Industry analysts consistently note that adoption is as much about trust, transparency and control — not just accuracy. McKinsey and others have observed that those productivity gains appear when A.I. is embedded in everyday flows, not bolted on. This class embraces that truth — speaking, smelling, looking and concentrating are the new inputs.

What To Watch Next as These Interfaces Launch
How they achieve traction will vary for these concepts. Telepath will have to convince us that a no-app paradigm is superior to the muscle memory of decades. Primitive and Feather will be judged by how much busywork gets burned away, not on the novelty of their flames. You have to feel Intension will make a notable positive difference in your focus, not that it is being forced.

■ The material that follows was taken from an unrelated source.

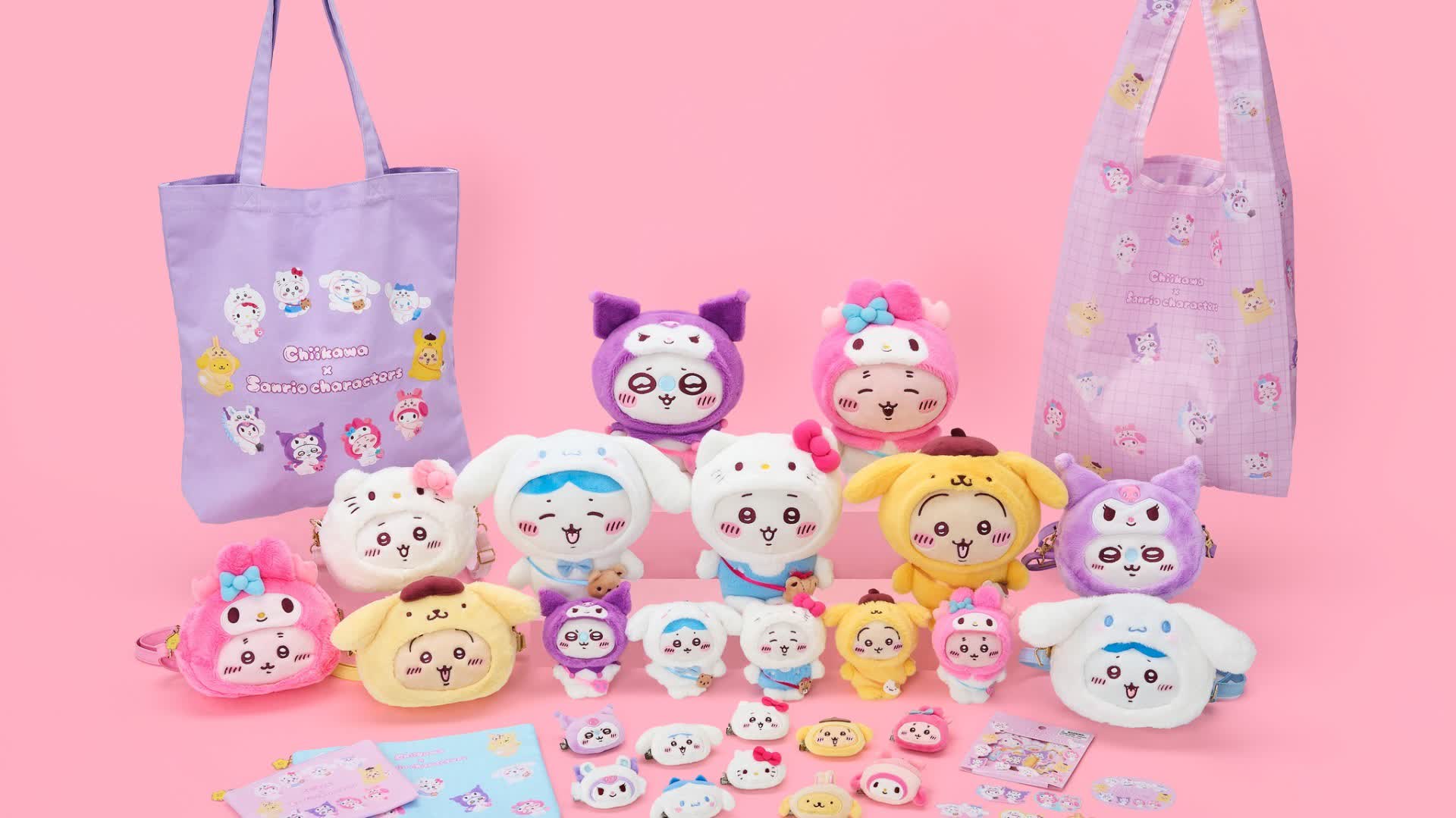 今次推出的限定聯乘商品,包括5款毛絨公仔,每位Chiikawa成員各代表每款Sanrio角色,毛絨公仔頭套可以隨意拆除。還有斜挎包、公仔吊飾、貼紙套裝、環保袋、帆布袋、小袋、小公仔吊飾和髮夾等商品,實用可愛。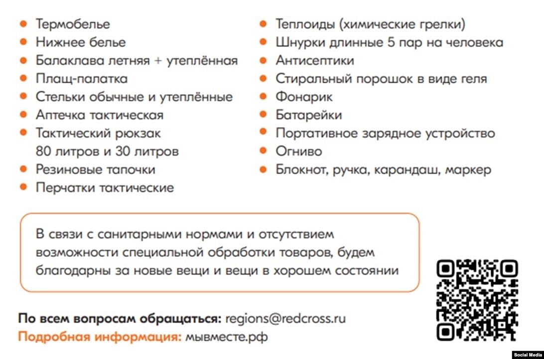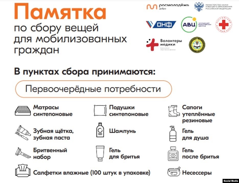 Такие перечни открыто выкладывают органы власти, а прогосударственные волонтерские проекты призывают принять участие в сборе "гуманитарной помощи для мобилизованных граждан".

Two teams face distinctive guardrails. Nubrain’s EEG translation raises obvious questions of privacy and consent; compliance with nascent neurotech standards as developed by groups such as IEEE and policy guidance sleuthed out from bioethics researchers will be crucial. Presq will have to prove that creator-led manufacturing is scalable in practice, beyond one-off drops, into proper supply chains.
If Betaworks is right, adoption will occur where interfaces make AI feel less like a model and more like a medium. From scent memories to ambient computers, this group is betting that the next wave of breakthroughs are going to be felt at the interface where humans touch machines.